The One Ring, also called the Ruling Ring and Isildur's Bane, is a central plot element in J. R. R. Tolkien's The Lord of the Rings (1954–55). It first appeared in the earlier story The Hobbit (1937) as a magic ring that grants the wearer invisibility. Tolkien changed it into a malevolent Ring of Power and re-wrote parts of The Hobbit to fit in with the expanded narrative. The Lord of the Rings describes the hobbit Frodo Baggins's quest to destroy the Ring.

Critics have compared the story with the ring-based plot of Richard Wagner's opera cycle Der Ring des Nibelungen; Tolkien denied any connection, but at the least, both men drew on the same mythology. Another source is Tolkien's analysis of Nodens, an obscure pagan god with a temple at Lydney Park, where he studied the Latin inscriptions, one containing a curse on the thief of a ring.
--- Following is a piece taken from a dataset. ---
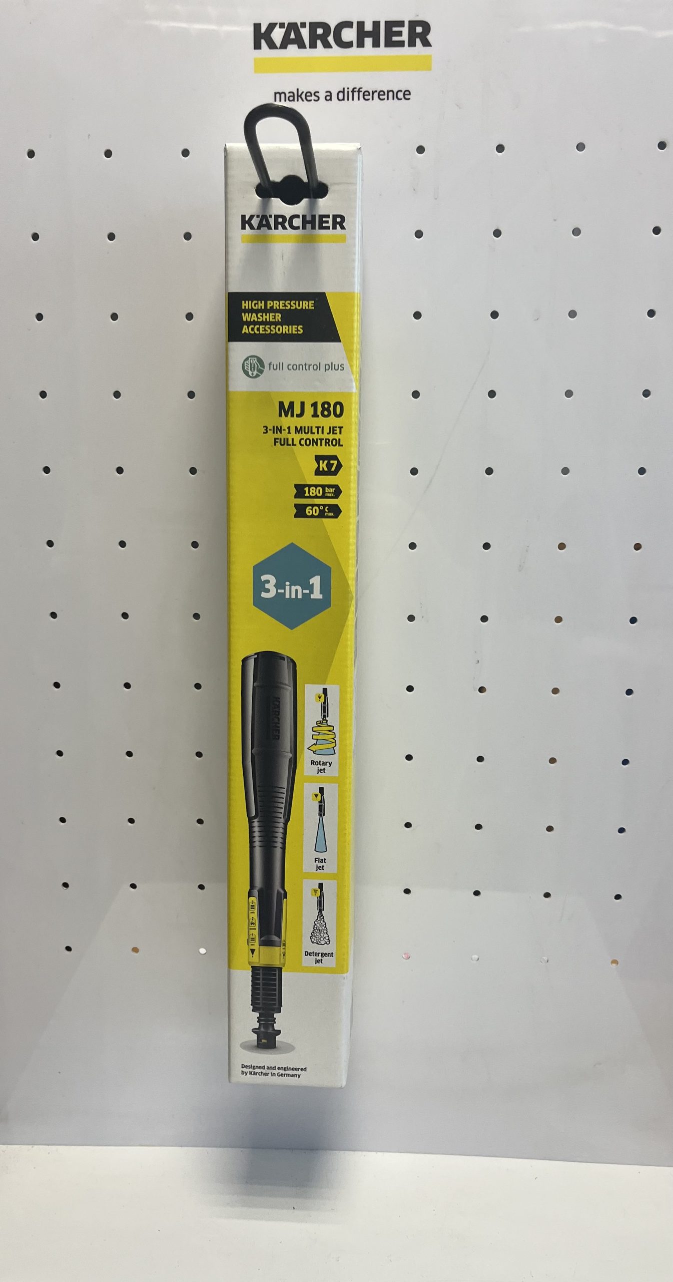 Un multitalento para todo tipo de aplicaciones: la Multi Jet 3 en 1 de Kärcher ofrece un chorro plano de alta presión con regulación continua, una boquilla rotativa y un chorro de detergente en una sola lanza pulverizadora. La selección del chorro más adecuado se realiza con un simple giro en la lanza pulverizadora. La presión se regula de forma cómoda con las teclas de la pistola Full Control Plus Power Gun G 180 Q. Apta para la limpiadora de alta presión K 7 Full Control Plus y K 7 Premium Full Control Plus de Kärcher a partir de 2017.

Tolkien rejected the idea that the story was an allegory, saying that applicability to situations such as the Second World War and the atomic bomb was a matter for readers. Other parallels have been drawn with the Ring of Gyges in Plato's  Republic, which conferred invisibility, though there is no suggestion that Tolkien borrowed from the story.

Fictional description

Purpose 
The One Ring was forged by the Dark Lord Sauron during the Second Age to gain dominion over the free peoples of Middle-earth. In disguise as Annatar, or "Lord of Gifts", he aided the Elven smiths of Eregion and their leader Celebrimbor in the making of the Rings of Power. He then forged the One Ring in the fires of Mount Doom.

Sauron intended it to be the most powerful of all Rings, able to rule and control those who wore the others. Since the other Rings were powerful on their own, Sauron was obliged to place much of his own power into the One to achieve his purpose.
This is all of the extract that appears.